2004年8月4日、撮影隊は、水と暮らしの文化を求めて、古都京都で撮影を行ないました。


京都洛北貴船
『雨あられ 雪や氷とへだつれど 落つれば同じ 谷川の水』 大法輪
京都洛北貴船・・。
ここ貴船神社は古くから水の神様を祀る神社として、人々の信仰の対象となってきました。
現在全国に宗教法人として登録されている「貴船神社」という名の神社は五百社あり、その他にもおよそ二千社以上の水を祀る神社が全国に存在するといわれています。日本人の水信仰の深さが窺えます。
温暖な気候に恵まれた日本一、そして自然の恩恵に支えられ暮らしてきた私たちの祖先は、自然界に潜む大きな力の働きに畏怖と尊敬の念を抱いてきました。それは、日本人の神観念を生みました。

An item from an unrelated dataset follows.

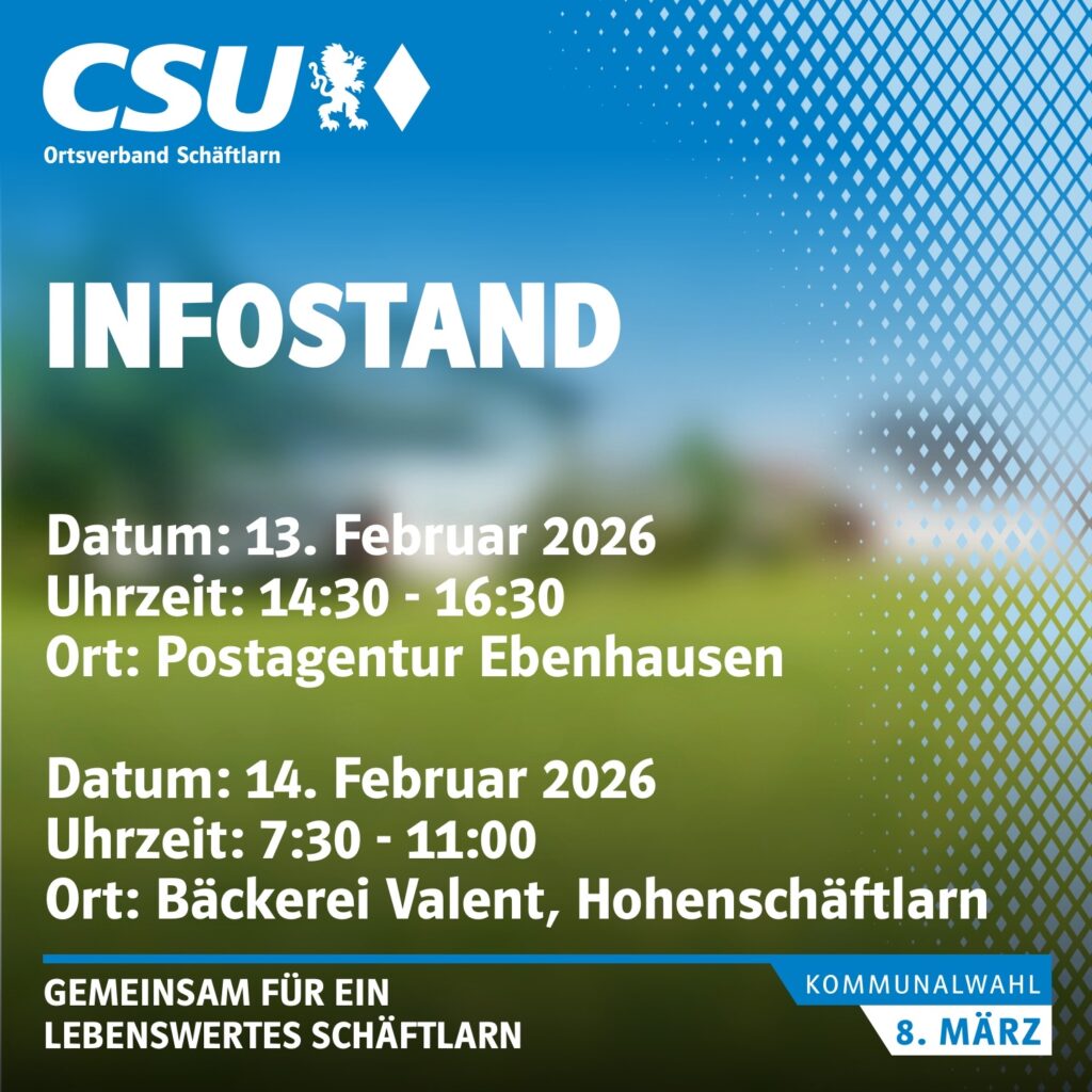 - Samstag, 14.02.2026, „Am Valentinstag beim Valent“, 07:30 Uhr bis 11 Uhr. Sie erhalten von den Kandidatinnen und Kandidaten der CSU-Schäftlarn/Liste1 vor der Bäckerei Valent an der Schorner Straße in Hohenschäftlarn eine kleine Überraschung.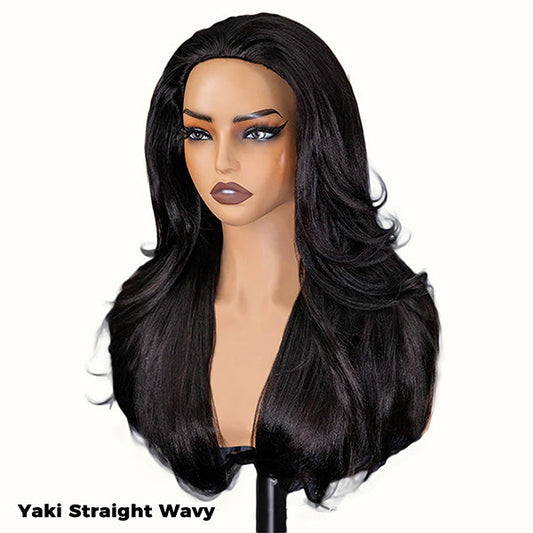3 In 1 Half Wig | Yaki Straight & Kinky Straight Wavy Pre-Style Wear Go Half Wig With Drawstring Invisible Hairline

なかでも水は、あらゆる命にとってなくてはならないもの-。
この大切な水を育むのは、空から降ってくる雨を大地に貯える森の役割であることを私たちの祖先は知っていたのです。
『蛇口をひねれば森が出る』 C・W 二コル
夏の風物詩 川床

貴船川に沿って、数多くの料理旅館が並んでいます。ここは全国的に有名な、夏の風物詩となっているところです。

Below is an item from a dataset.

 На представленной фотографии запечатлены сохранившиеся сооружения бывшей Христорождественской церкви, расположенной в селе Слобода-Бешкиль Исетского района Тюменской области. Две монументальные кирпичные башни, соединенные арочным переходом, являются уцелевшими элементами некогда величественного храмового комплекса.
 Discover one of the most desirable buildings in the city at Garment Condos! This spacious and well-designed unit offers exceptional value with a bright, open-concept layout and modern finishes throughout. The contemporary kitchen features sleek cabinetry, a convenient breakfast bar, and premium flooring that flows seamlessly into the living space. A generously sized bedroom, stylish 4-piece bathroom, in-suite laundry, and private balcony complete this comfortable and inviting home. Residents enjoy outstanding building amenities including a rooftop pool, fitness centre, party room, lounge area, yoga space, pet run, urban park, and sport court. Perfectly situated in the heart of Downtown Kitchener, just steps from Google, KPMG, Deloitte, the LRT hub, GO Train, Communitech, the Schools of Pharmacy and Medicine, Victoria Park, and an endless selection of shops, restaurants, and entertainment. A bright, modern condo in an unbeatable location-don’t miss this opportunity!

夏の間、貴船には全国から多くの観光客が涼を求めてやってきます。
貴船川の水で流すそうめん-、趣向を凝らした京懐石料理-。
ここには、日本人の感性、そして美的エッセンスが凝縮されているようです。
鴨川の納涼床
鴨川の納涼床も京都の風情です。
その始まりは江戸時代にさかのぼります。裕福な商人などが、鴨川の中州や浅瀬に床机を置き、客人をもてなしたことがことの起こりと伝えられています。
うだるような京都の暑さをしのぐ庶民の知恵だったのでしょう。
やがて治水工事が行なわれ、東西両岸に石積みの護岸ができたことから茶店や物売りの屋台が出現し、それが営業を目的とした形態の始まりといわれています。